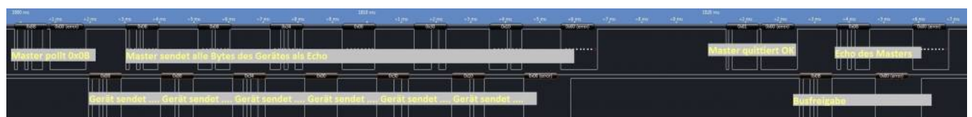
Setzen eines Wertes
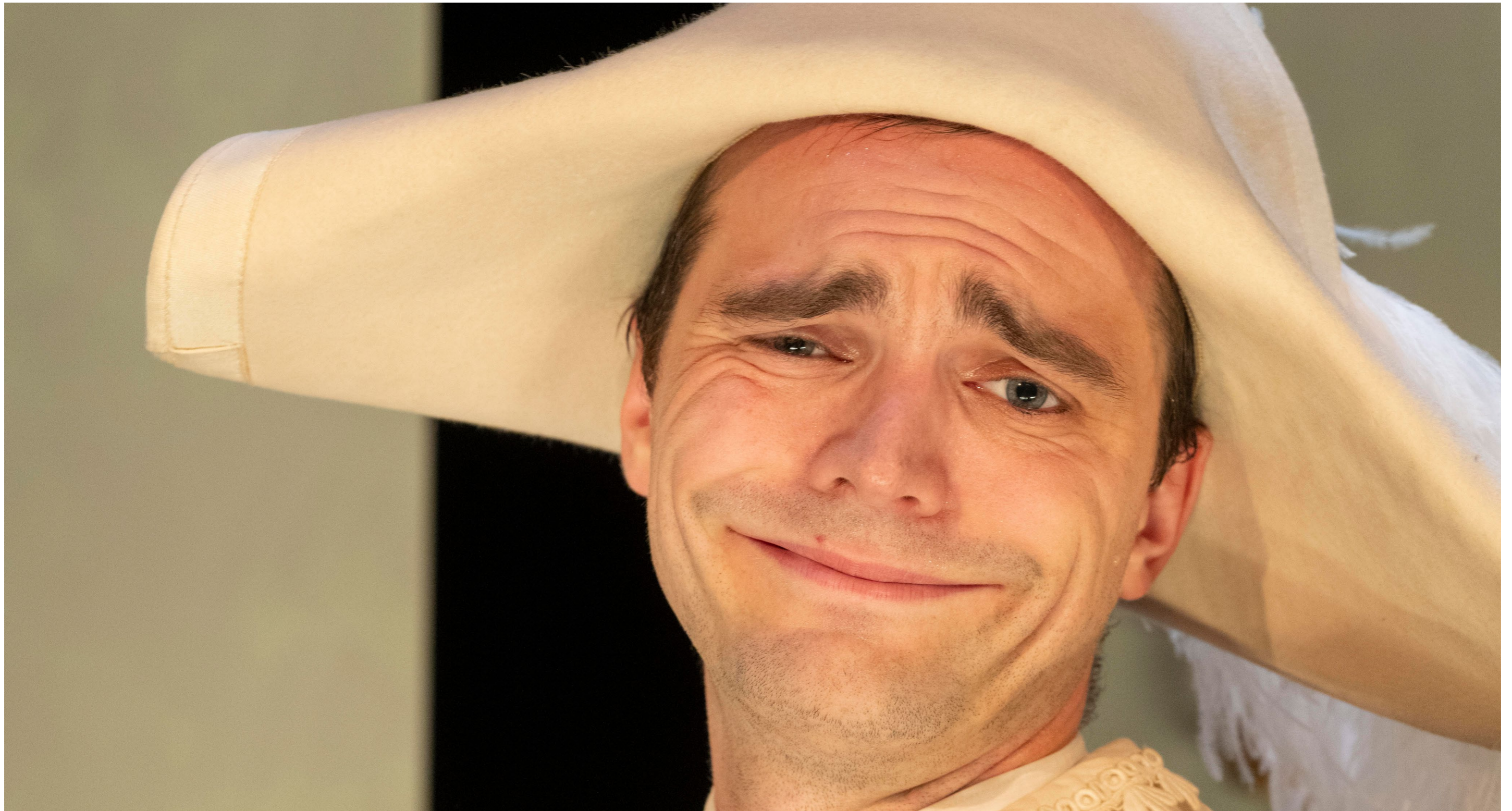
Scene fra 'Tour de Jean de France'
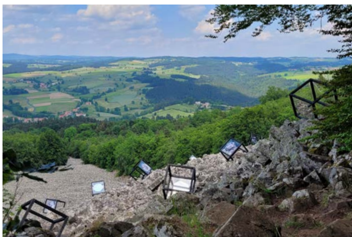
Simulation de l'œuvre
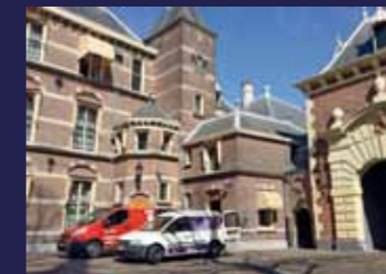
Het Binnenhof, Den Haag
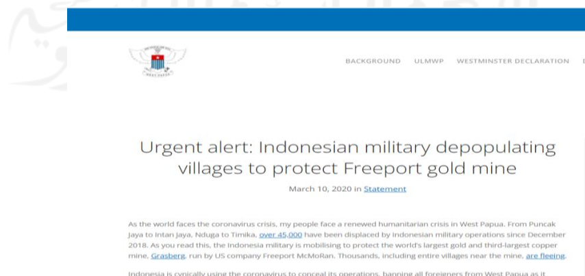
Gambar 3 - Propaganda terkait PT. Freeport

Isu selanjutnya yang dibingkai ulang adalah mengenai PT. Freeport, dalam pemberitaannya melalui website ulmwp.org (ulmwp 2020), ULMWP mengatakan bahwa adanya pengusiran yang dilakukan oleh militer Indonesia terhadap penduduk desa disekitar PT. Freeport. Dalam pemberitaannya, mereka mengatakan bahwa Indonesia memanfaatkan pandemi covid-19 sebagai upaya untuk menyembunyikan operasinya untuk mengurangi populasi desa, mereka juga menyebutkan bahwa militer memaksa penduduk desa untuk pergi ke hutan tanpa tujuan yang jelas, sehingga berakhir mati kelaparan. Mereka juga menyebutkan ada sekitar 700 tentara militer baru yang dikirimkan untuk menjalankan misi ini.
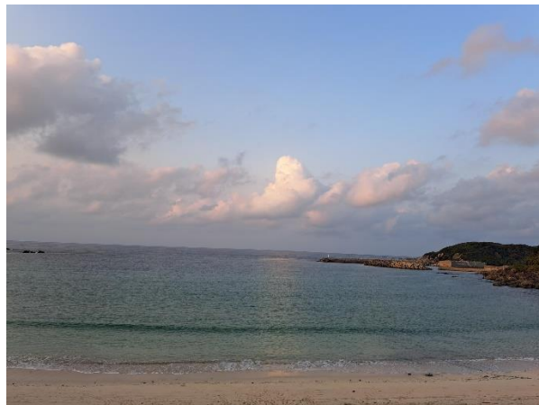
西之表市街地と海岸
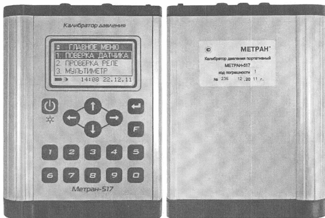
Рисунок 1 - Внешний вид калибратора Метран-517

Внешний вид калибратора представлен на рисунке 1.
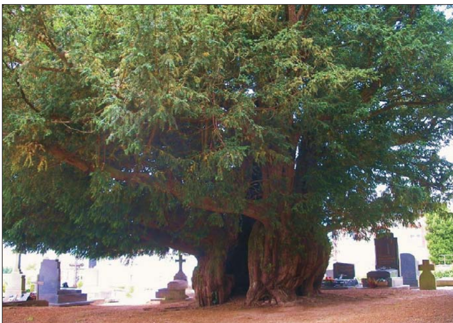
2. kép. A normandiai tiszafa-matuzsálem

ton élő fáknál. Ennek alapja, hogy a görög mitológiában a Styx folyó és az ezt kísérő növényzet a halál és élet határmezsgyéjét jelenti, s lám, Erdődy szerint a görög mitológiában a Styx és az Acheron partján Taxus díszlik. A tiszafát azonban nem élőhelye, hanem mérgező volta miatt tekintették halálfának. Plinius szerint e fa bogyói halálos mérget rejtenek, s aki annak fájából készült
■ ■ ■ ■
Skip the pictures, please, and transcribe only the lines from the beginning of the material through the one that contains "Gambar 3 - Propaganda terkait PT. Freeport".

Setzen eines Wertes
Scene fra 'Tour de Jean de France'
Simulation de l'œuvre
Het Binnenhof, Den Haag
Gambar 3 - Propaganda terkait PT. Freeport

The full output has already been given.